Raw signal meant to be redundant and too expensive for shallow ML methods. However, segments of ECG with certain short length perfectly fitted for Convolutional Neural Networks. So, Stanford ML Group introduced an outstanding paper called Cardiologist-Level Arrhythmia Detection With Convolutional Neural Networks. They used Deep Residual Network which classified short-term electrocardiogram fragments and achieved human-quality arrhythmia detection. Besides, ML scientists tackled some other cardiological problems like myocardial infarction detection where also succeeded.
However, to apply them in real medical practice, algorithms have to receive certification, like Arterys (Medical Imagine Cloud AI) did this year. A key requirement is to provide a real necessity and right interpretation of the results.
As well known, contemporary Deep Learning models are working as black/grey boxes providing just strongly typed output. Fortunately, there are some approaches that can provide the significance of features for each input sample. Literature and scientific papers call them attribution, interpretation or justification.
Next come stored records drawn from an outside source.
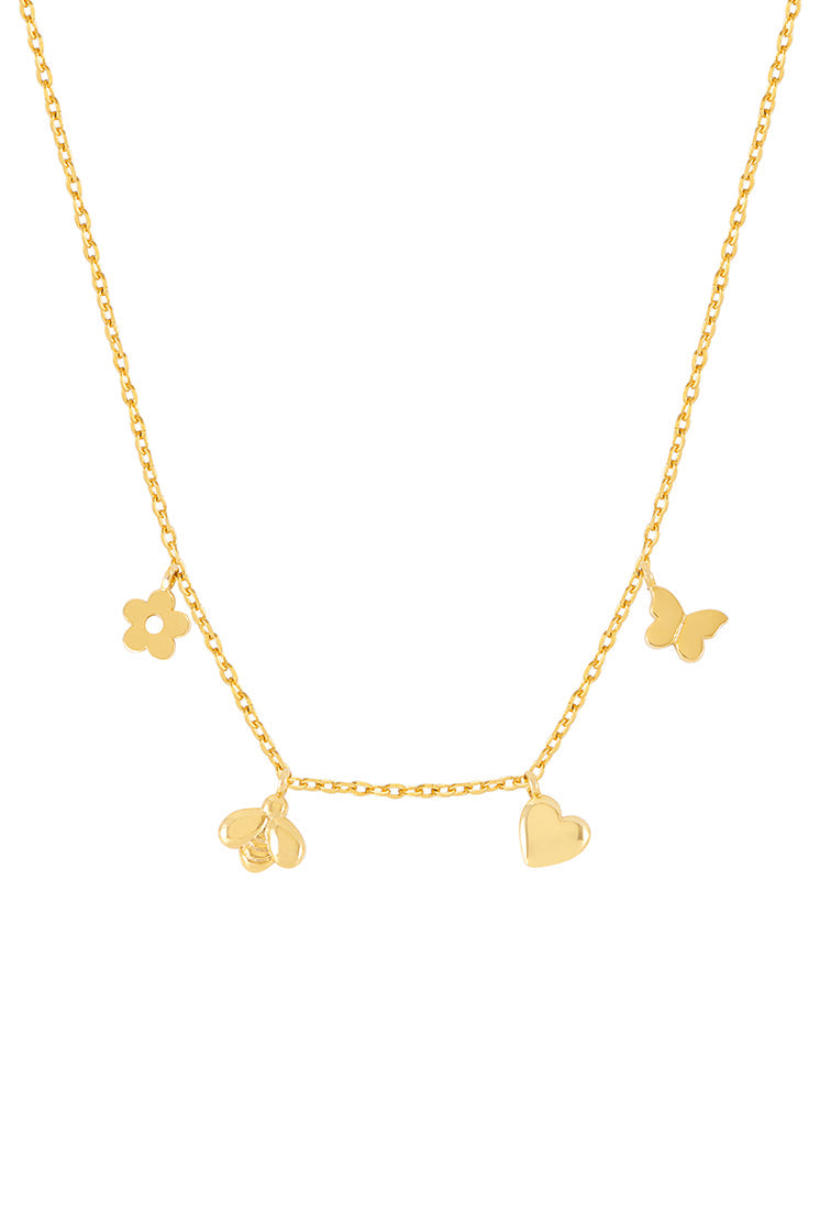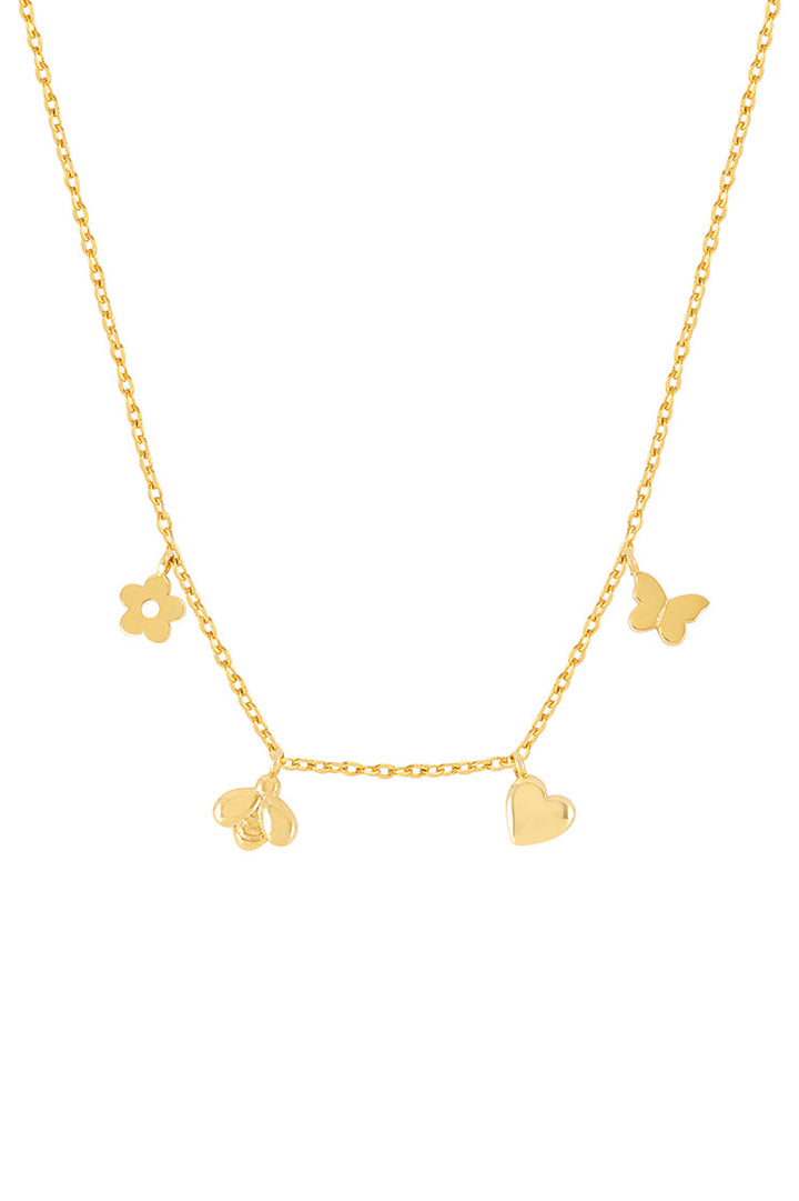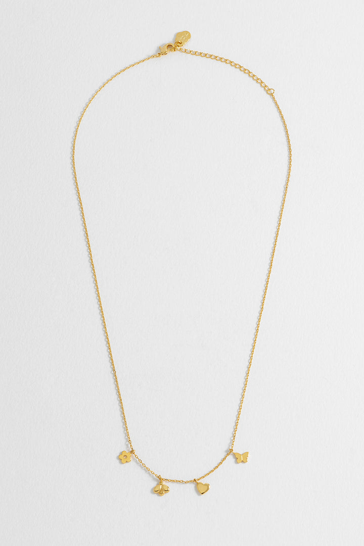 This Bee and Butterfly Charm Necklace by Estella Bartlett is a whimsical and nature-inspired piece. The delicate chain is adorned with a charming collection of small charms, including a bee, butterfly, flower, and heart. This necklace captures a playful bohemian aesthetic and is perfect for adding a touch of natural beauty to your everyday style.
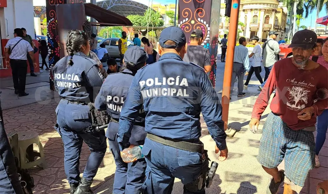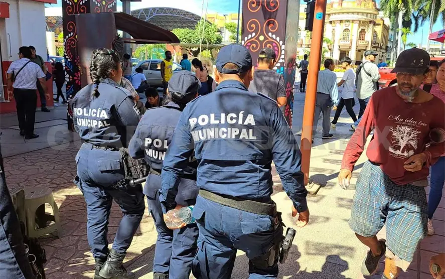 Inspectores de Servicios Públicos apoyados por elementos de la Secretaría de Seguridad Pública Municipal emprendieron operativos disuasivos de migrantes y vendimia informal en el centro de la ciudad de Tapachula, en cuyas actividades participan principalmente haitianos.
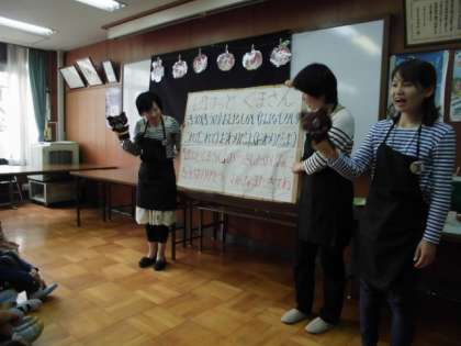 今日は今年度はじめてのポケットくまさんお話会がありました。「おふとんかけたら」「ぼくのえんそく」の2冊を読んでくださいました。低学年の子どもたちがふれあいサロンに集まり,楽しい雰囲気の中で読み聞かせに聞き入っていました。
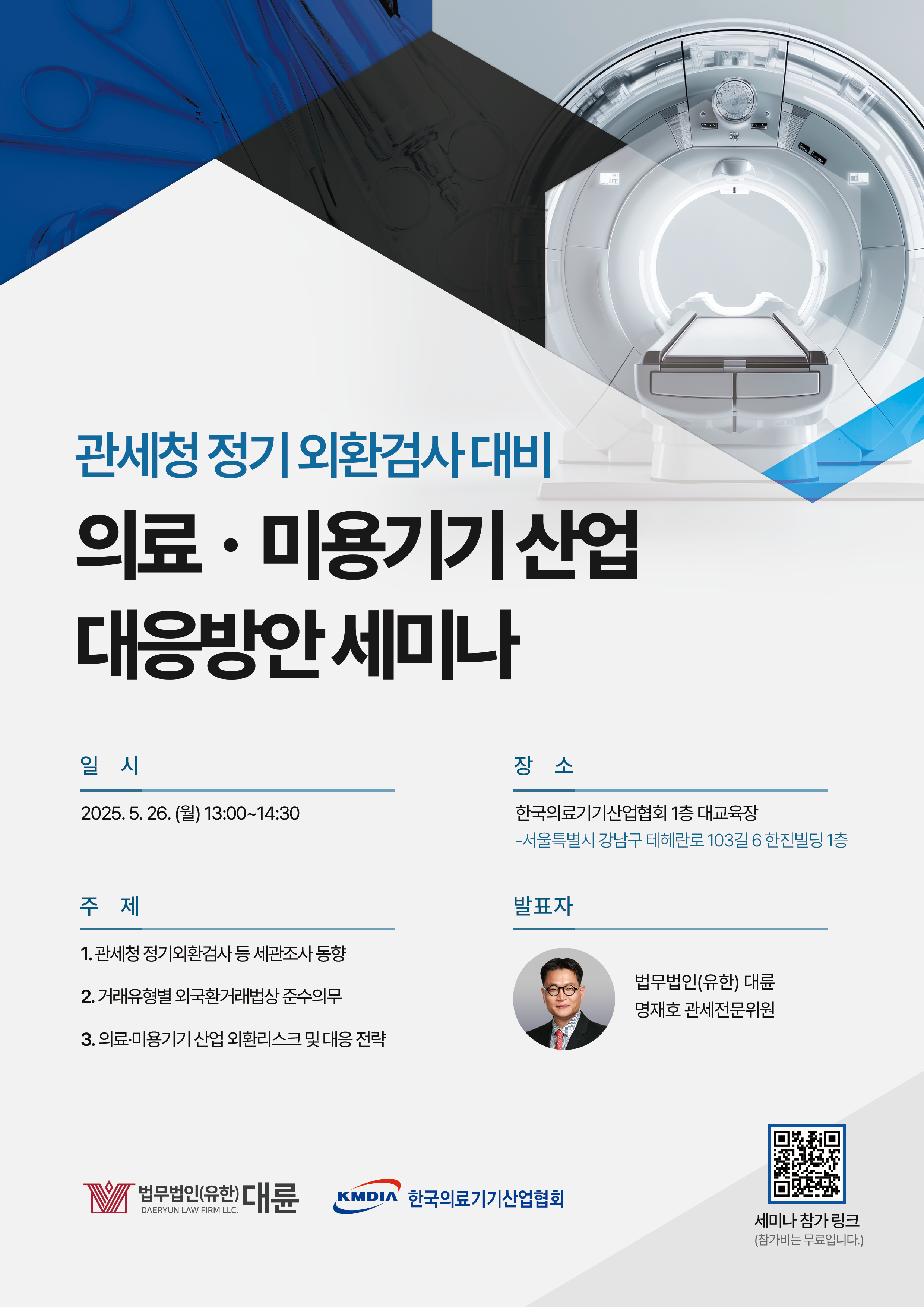 법무법인 대륜이 오는 26일 오후 1시 한국의료기기산업협회 교육장에서 의료·미용기기 등 수출입 기업을 대상으로 한 '정기 외환검사 제도 대응방안' 세미나를 개최한다고 19일 밝혔다.
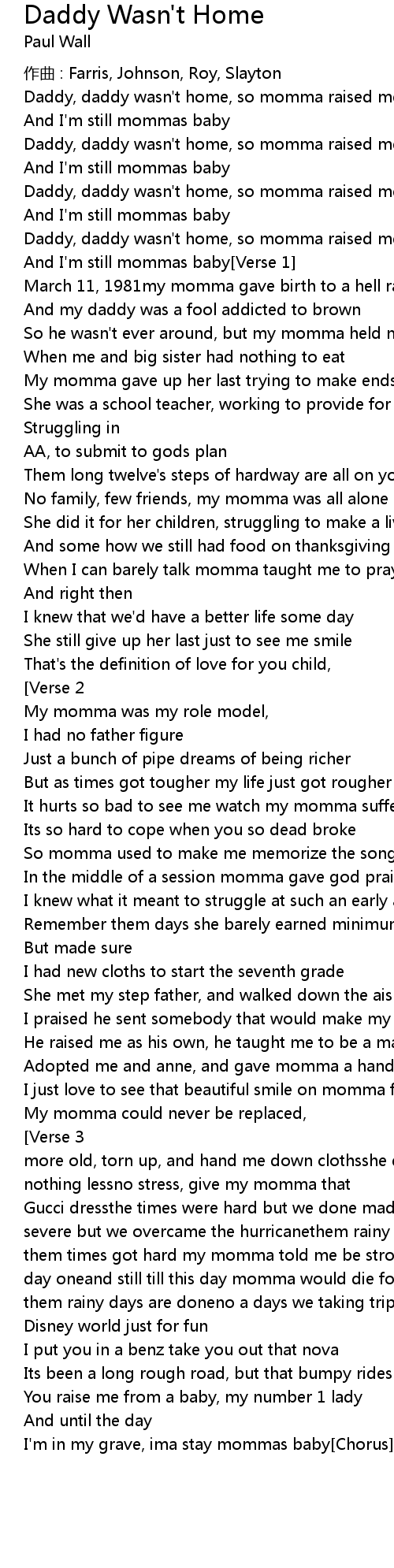 | Chorus Daddy, daddy wasn' t home, so momma raised me | |
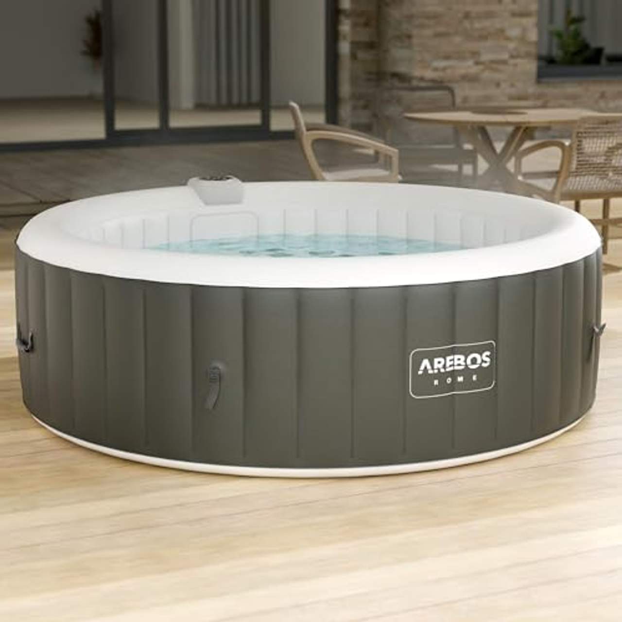 - Platz für 6 Personen: Der aufblasbare Hot Tub von Arebos ist groß genug, um bis zu 6 Personen bequem zu beherbergen und eignet sich daher hervorragend für Familientreffen oder gesellschaftliche Veranstaltungen.
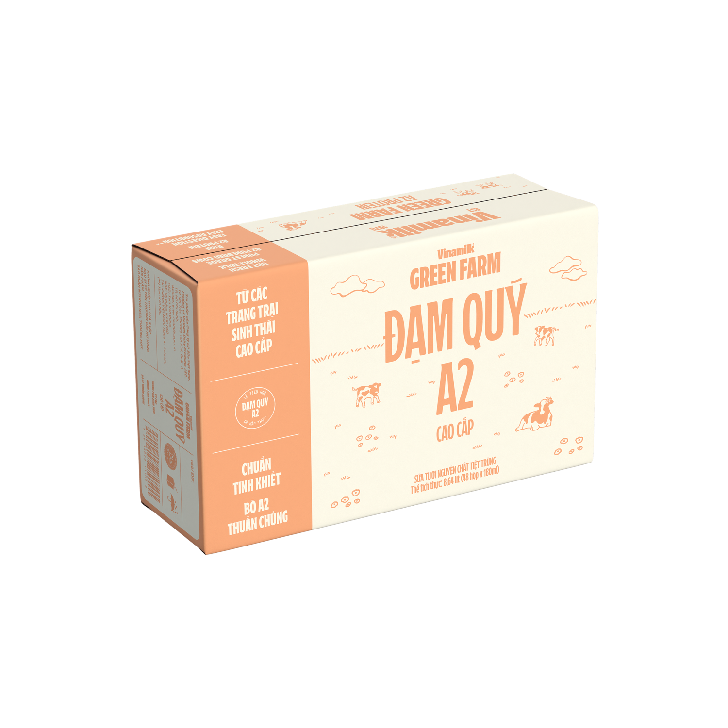 - Sàng lọc di truyền - Chỉ giữ cá thể bò A2 Vinamilk xét nghiệm gen và mẫu sữa từ bò A2 thông qua hệ thống viện kiểm nghiệm BVAQ Food Testing Laboratory, trực thuộc Bureau Veritas. Đạm quý A2 có cấu trúc gần đạm sữa mẹ Đạm quý A2 beta casein có cấu trúc gần với đạm beta casein trong sữa mẹ, không bị chuyển hoá thành hoạt chất có thể gây kích ứng đường tiêu hoá (β-casomorphin-7 (BCM7)). Dễ tiêu hóa - Dễ hấp thu Luôn được ưu tiên sử dụng khi chăm bẵm những hệ tiêu hóa non nớt và khó tính. Đạm A2 beta casein dễ tiêu hóa, dễ hấp thu hơn đạm A1 beta casein. Công nghệ kép đột phá Hút chân không sữa giảm đến 50% gốc oxy tự do, khoá tươi tức thời, loại bỏ các tạp vị, lưu giữ tối đa hương cỏ hoa và vị thơm tự nhiên của sữa. 10 năm hành trình trang trại giảm phát thải Carbon Đến 100% nước thải xử lý được tái sử dụng, 17% năng lượng mặt trời, thu hồi và sử dụng đến 90% năng lượng sinh học. Danh sách Không đồ sộ KHÔNG dùng hormone tăng trưởng KHÔNG dư lượng thuốc bảo vệ thực vật KHÔNG dư lượng thuốc trừ sâu KHÔNG dùng chất bảo quản KHÔNG dư lượng kim loại nặng () Phù hợp tiêu chuẩn Clean Label Project Certified và QCVN 5-1:2010/BYT Bò A2 thuần chủng Đạm quý A2 có cấu trúc gần đạm sữa mẹ Dễ tiêu hóa Dễ hấp thu Chuẩn tinh khiết Trang trại sinh thái Công nghệ đột phá hút chân không kép KHÔNG dùng hormone tăng trưởng KHÔNG dư lượng thuốc bảo vệ thực vật KHÔNG dư lượng thuốc trừ sâu Không phải Sữa tươi nào cũng như nhau Vinamilk Green Farm A2 Sản xuất tươi tinh khiết ngay tại Việt Nam - Rút ngắn thời gian đến tay bạn Công nghệ kép đột phá hút chân không khóa tươi tự nhiên Nông nghiệp sinh thái giảm phát thải carbon KHÔNG dùng hormone tăng trưởng KHÔNG dư lượng thuốc bảo vệ thực vật KHÔNG dư lượng thuốc trừ sâu KHÔNG dùng chất bảo quản KHÔNG dư lượng kim loại nặng Sữa A2 nội địa Sữa A2 nhập khẩu

Let’s explore them.
Neural network interpretation methods
First and most intuitive way to inspect a behavior of the model, is to take a correctly predicted test sample and modify certain feature (or set of features) by removing, masking or altering them. Then running a forward pass on the new input, measuring the difference with the original output. This method was called perturbation. As far as current neural network architectures do not allow to explicitly remove a feature without preliminary preparation, a logical way to overcome that is to simulate absence of information. A chosen feature assigns to a baseline, in our case we used 0, as a canonical one, however it can be selected specifically.
The second approach requires only single forward and backward pass through the network because it uses gradients to calculate an attribution for given sample. These methods are called Backpropagation based. The intuition can be comprehensively explained on a simple linear model. To identify the importance of features we have to multiply the input vector by model weights. After sorting the obtained vector with the descending order, we may observe the most valuable features for the model at the beginning of obtained vector. As far as we can calculate a local linear approximation of the (nonlinear) deep network, by calculating the gradient for particular input sample, we also can apply early mentioned model explanation method to deep networks. Intuitively, it was called Gradient*Input and has some modifications like Integrated Gradient, Layer-wise Relevance Propagation and DeepLIFT. They are different by a manner of calculation of importance values, but quite universal for literally all types of neural networks. More comprehensive explanation you can find in this paper. There are also methods like Grad-CAM, Deconvolutional Network, Guided Backpropagation, however, they are designed for specific architectures.
Machine learning experiment
In MAWI we develop a lot of different neural network-based models for raw ECG signal analysis. It includes relatively straightforward applications as arrhythmia or some other disease detection to signal annotation, filtering, and augmentation. Recently we were showing our solution for atrial fibrillation (AF) detection based on neural networks to the doctors and although they were impressed with the accuracy, they were wondering why our model diagnoses ECG like this, how do we explain it? Reviewers also underlined, that it’s crucial for their practice to understand and explain the judgments of any intelligent assistant, but without math heavy justifications.
The main idea of this article was to introduce you a CNN model justification for Atrial Fibrillation task. For this purpose, I’ve selected a well-known MIT-BIH Atrial Fibrillation Database from Physionet. It contains 23 records of 22 people, each more than 6 hours long, 5 records were removed from the dataset because of the low quality and presence of the inseparable noise. Each record contains a labeled fragment of Atrial Fibrillation, Atrial Flutter, and Normal sinus rhythm. In this case, I focused only on solving a binary classification task by distinguishing an Atrial Fibrillation from the Normal sinus rhythm.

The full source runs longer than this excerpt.